Targetting Bengali secular cultural groups like Udichi or Chayanat has been a old practice with Islamic fundamentalists in Bangladesh. Has Ahmed forgotten the Rairbazar massacre of the eve of Bangladesh's liberation? The people killed by the Razakars and Al-Badars were not freedom fighters with arms- they were poets, writers and intellectuals, who undermined Pakistan by their role in the emergence of the strong Bengali identity. That brand of fundamentalist politics is still in existence in Bangladesh. A recent report by a respected Bangladesh journalist detailed the fresh efforts made by such religious groups to reorganise.
I am aware of problems within the Sheikh family. Conflicting ambitions, corruption and political feudalism exist in the first family of Bangladesh, but to overlook the fact, yes fact, that the killers of Sheikh Mujib continue to plot is something no journalist can afford.
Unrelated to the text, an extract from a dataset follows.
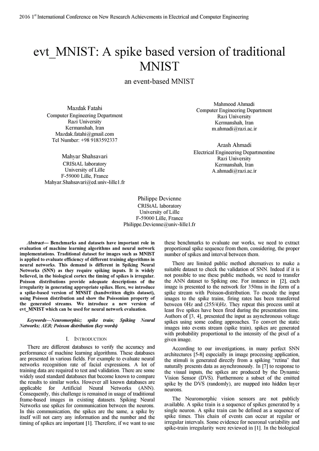 Benchmarks and datasets have important role in evaluation of machine learning algorithms and neural network implementations. Traditional dataset for images such as MNIST is applied to evaluate efficiency of different training algorithms in neural networks. This demand is different in Spiking Neural Networks (SNN) as they require spiking inputs. It is widely believed, in the biological cortex the timing of spikes is irregular. Poisson distributions provide adequate descriptions of the irregularity in generating appropriate spikes. Here, we introduce a spike-based version of MNSIT (handwritten digits dataset),using Poisson distribution and show the Poissonian property of the generated streams. We introduce a new version of evt_MNIST which can be used for neural network evaluation.

Before the Kandahar hijack of the Indian Airlines Airbus, airports across eastern India had been alerted by the Bureau of Civil Aviation Security (BCAS) about a possible attempt to hijack a Bangladesh Biman plane to secure the release of Colonel Farook and his sidekick Major Bazlul Huda. I have a copy of that BCAS order which was issued at the behest of RAW. This was no plant to the press, it was an official memo released to all concerned.
Intelligence agencies do plant a lot of disinformation, but Ahmed can trust me more than many of his countrymen to pick the wheat from the chaff. My tenure in Northeast India, far from "colouring my views" gave me tremendous exposure to the way these agencies function. In my book, I detail the operations of most subcontinental intelligence agencies and try to expose them. Ahmed seems to be aware of my reporting from Assam but not of my main research work. He will do well to read it.